> **REQUIRED WORK**
Copy nothing but the lines below, from the one with "一、旬彩玉手箱 上段に旬の肴を盛り合わせ" through the one with "国内存储芯片龙头佰维存储公告", exactly as written; no pictures should appear.

> **SUPPLIED INFORMATION**
== Segment start ==

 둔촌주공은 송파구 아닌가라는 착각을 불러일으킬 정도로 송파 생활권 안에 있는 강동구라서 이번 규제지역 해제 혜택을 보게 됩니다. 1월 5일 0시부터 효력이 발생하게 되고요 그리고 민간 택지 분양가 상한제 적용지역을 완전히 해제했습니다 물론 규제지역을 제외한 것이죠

== Segment end ==
== Segment start ==

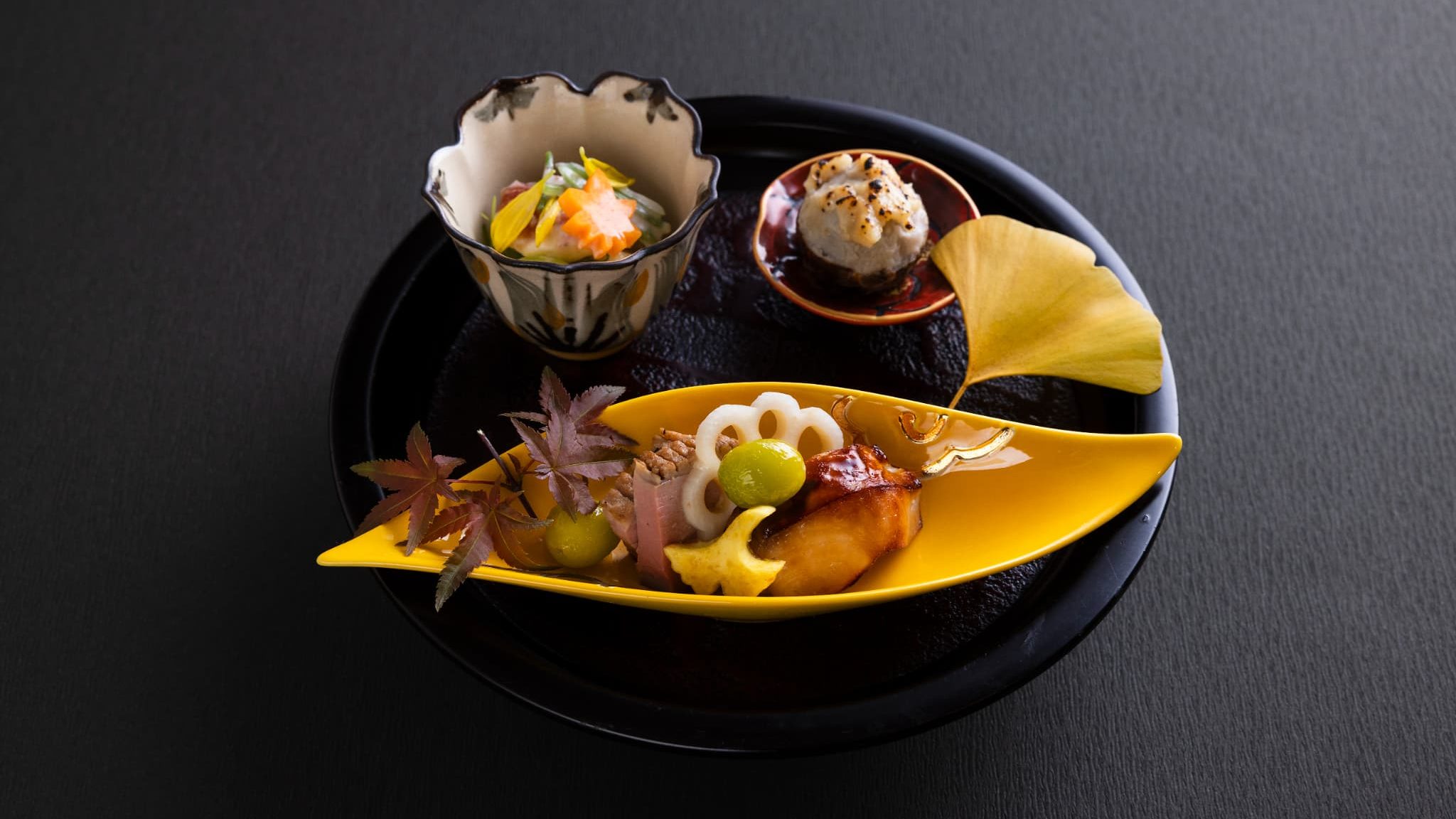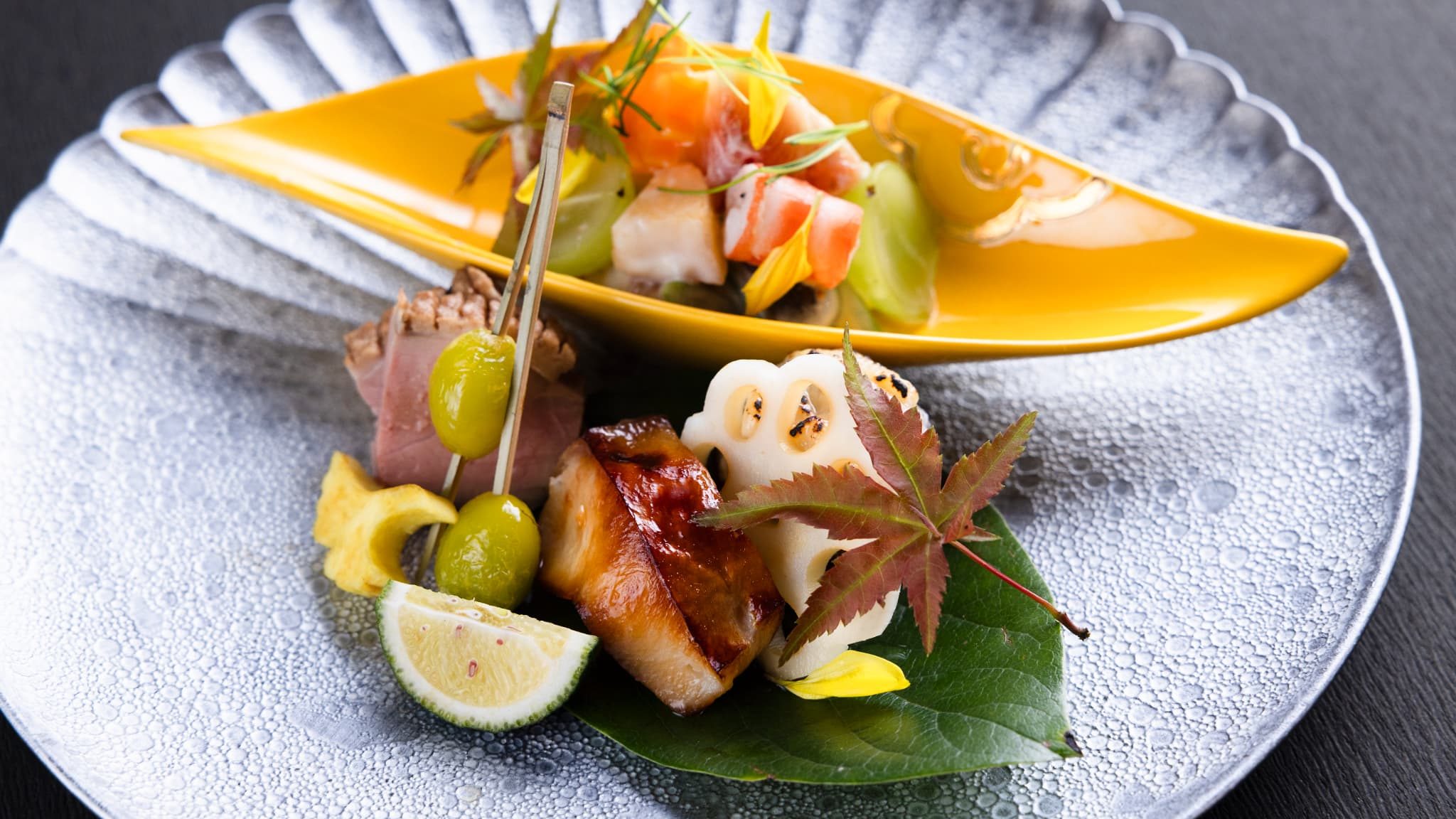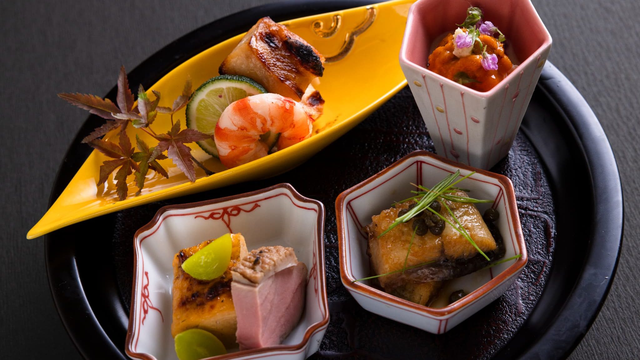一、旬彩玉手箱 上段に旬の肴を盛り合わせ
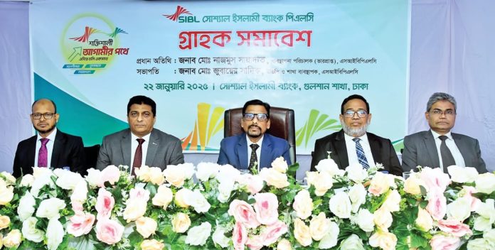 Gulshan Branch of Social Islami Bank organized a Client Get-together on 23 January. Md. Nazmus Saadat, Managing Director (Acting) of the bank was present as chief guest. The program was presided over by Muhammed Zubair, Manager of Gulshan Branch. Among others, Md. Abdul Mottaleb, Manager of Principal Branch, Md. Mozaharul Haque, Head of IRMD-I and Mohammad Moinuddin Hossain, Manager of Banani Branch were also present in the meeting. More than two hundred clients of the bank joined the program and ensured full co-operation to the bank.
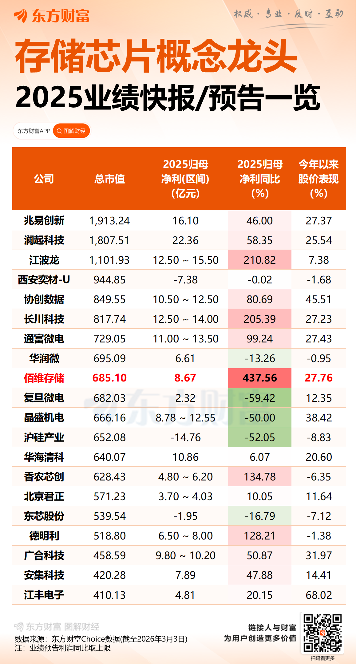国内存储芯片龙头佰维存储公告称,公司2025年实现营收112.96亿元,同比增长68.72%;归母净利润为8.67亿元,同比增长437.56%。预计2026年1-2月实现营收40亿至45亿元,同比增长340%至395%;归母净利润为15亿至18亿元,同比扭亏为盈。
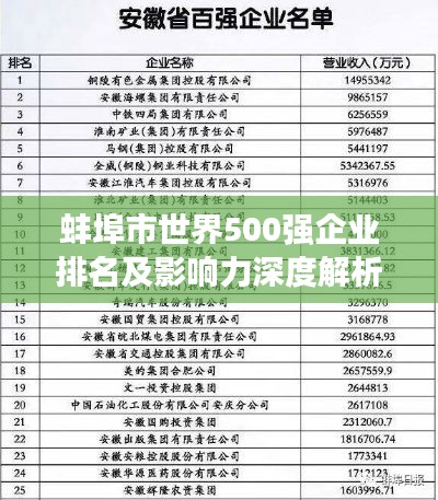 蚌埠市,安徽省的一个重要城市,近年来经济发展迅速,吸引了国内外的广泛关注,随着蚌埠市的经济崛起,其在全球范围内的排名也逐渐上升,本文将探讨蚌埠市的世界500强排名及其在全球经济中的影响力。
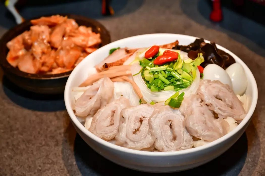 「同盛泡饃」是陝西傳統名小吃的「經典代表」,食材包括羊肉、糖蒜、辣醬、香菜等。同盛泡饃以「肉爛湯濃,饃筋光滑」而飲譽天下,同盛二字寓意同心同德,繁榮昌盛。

== Segment end ==
== Segment start ==

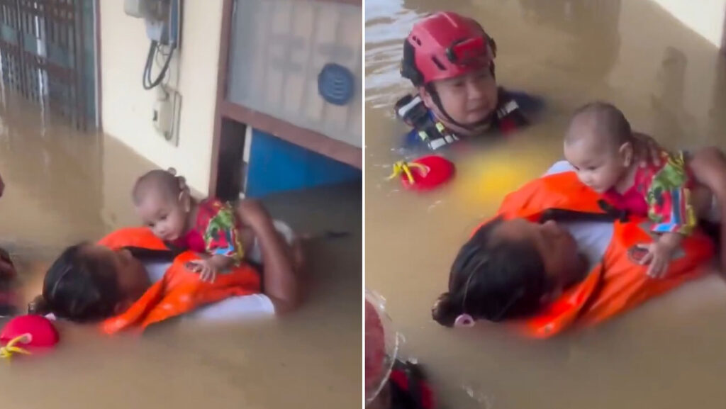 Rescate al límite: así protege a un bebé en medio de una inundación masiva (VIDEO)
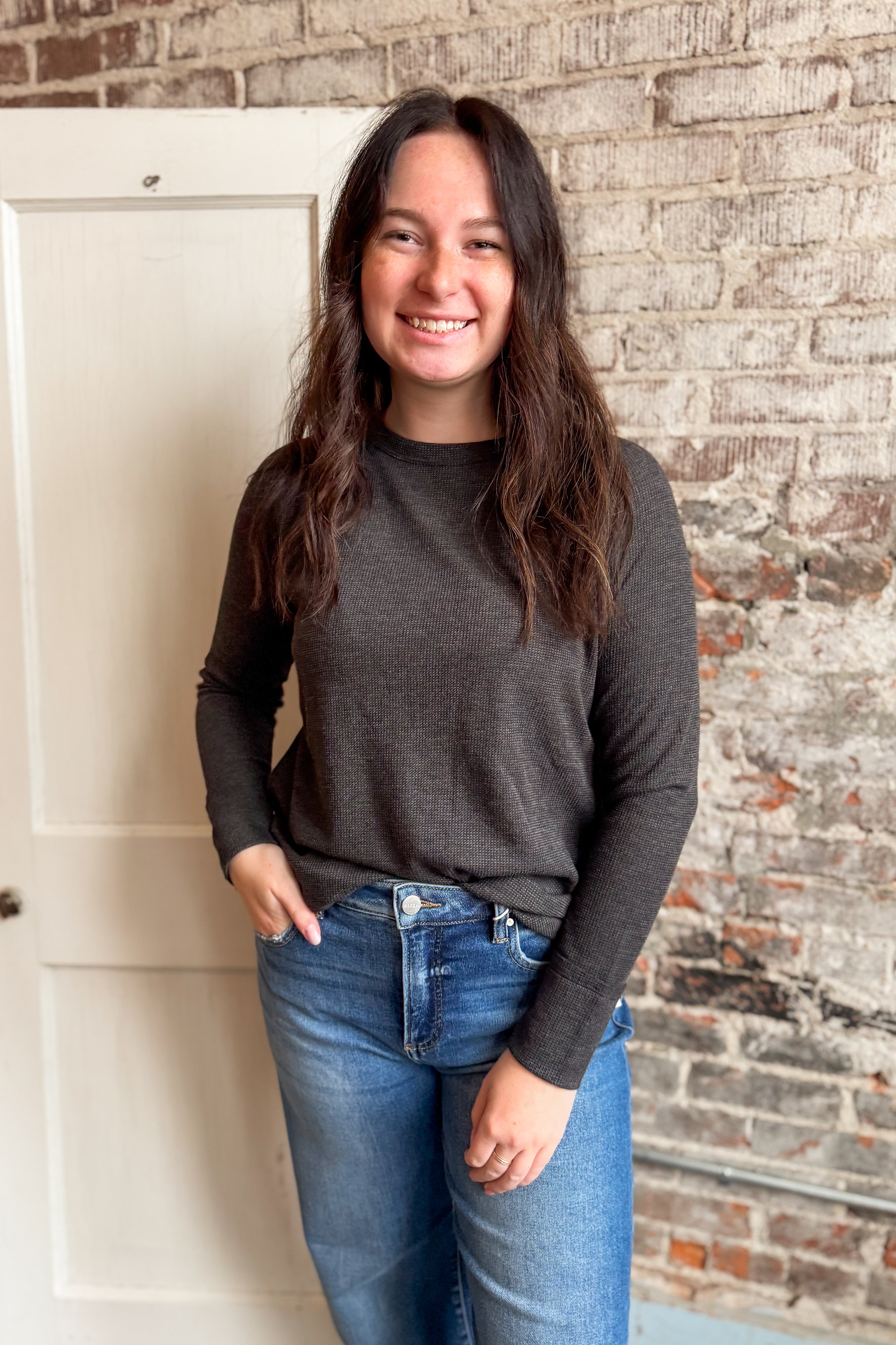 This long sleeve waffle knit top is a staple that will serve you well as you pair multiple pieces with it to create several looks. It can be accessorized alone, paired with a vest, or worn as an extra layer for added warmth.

== Segment end ==

> **YOUR SOLUTION**
一、旬彩玉手箱 上段に旬の肴を盛り合わせ
 Gulshan Branch of Social Islami Bank organized a Client Get-together on 23 January. Md. Nazmus Saadat, Managing Director (Acting) of the bank was present as chief guest. The program was presided over by Muhammed Zubair, Manager of Gulshan Branch. Among others, Md. Abdul Mottaleb, Manager of Principal Branch, Md. Mozaharul Haque, Head of IRMD-I and Mohammad Moinuddin Hossain, Manager of Banani Branch were also present in the meeting. More than two hundred clients of the bank joined the program and ensured full co-operation to the bank.
国内存储芯片龙头佰维存储公告称,公司2025年实现营收112.96亿元,同比增长68.72%;归母净利润为8.67亿元,同比增长437.56%。预计2026年1-2月实现营收40亿至45亿元,同比增长340%至395%;归母净利润为15亿至18亿元,同比扭亏为盈。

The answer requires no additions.